Thanks for your feedback @arodionov

This behaviour is by design. We shouldn’t allow the restarted member to join back the cluster automatically

My current CP use case is only for CP FencedLock. Therefore, the persistence feature does not bring any value.
I wrote the code to auto-promote to CP, however, it's not trivial and IMHO should be a Hazelcast feature. (see #24904)

because the cluster thinks that the old member is still present in a cluster, but temporarily became unavailable.

Above is incorrect, because nodes that shut down normally do not re-join the CP cluster upon restart either.
In fact, when, in a 3-node CP cluster, one shuts down, I can see there are only 2 nodes present in the logs.
When the 3rd restarts, it will not rejoin by default.

We have such an option - after 4 hours if the missed member is not joined back to the cluster, it will be auto-removed

There is an issue with this. See the description (#24897 (comment)) - bullet point 2

Yes, we have a task in our backlog, to align k8s pods auto-restart and scaling up/down with CP members removal and promotion

Can you link to the issue and / or PR so I can test it out?
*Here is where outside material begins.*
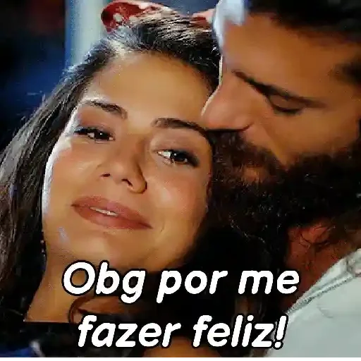 Um casal, com o homem encostando o rosto no lado da cabeça da mulher, que olha para frente com expressão feliz. O texto 'Obg por me fazer feliz!' aparece na parte inferior.

The main critical issue is still (see description, bullet point 1) that cluster becomes unusable and needs to be restarted if CP goes down to one member (reproducer tests in #24903)

arodionov · 2023-06-27T17:57:02Z

In fact, when, in a 3-node CP cluster, one shuts down, I can see there are only 2 nodes present in the logs.

Yes, only in the case of a so-called graceful shutdown the CP member will be automatically removed from the CP subsystem, and in logs, there should be 2 CP members:

CP Group Members {groupId: default(6894), size:2, term:1, logIndex:4} [
	CPMember{uuid=791e078d-ef0e-4f56-9139-e03f607c9e4f, address=[192.168.1.13]:5703} - LEADER
	CPMember{uuid=da402e4e-a353-47a7-934c-0189c735f35c, address=[192.168.1.13]:5701} - FOLLOWER this
]

But if a CP member has been terminated or stopped responding, we can't distinguish if it's temporarily unavailable (due to network problems) or if it has crashed. In that case, in logs, there will be the only information about cluster status, but the CP subsystem will consider that this CP member is temporarily unavailable:

Members {size:2, ver:4} [
	Member [192.168.1.13]:5701 - da402e4e-a353-47a7-934c-0189c735f35c this
	Member [192.168.1.13]:5703 - 791e078d-ef0e-4f56-9139-e03f607c9e4f
]

Therefore, the persistence feature does not bring any value.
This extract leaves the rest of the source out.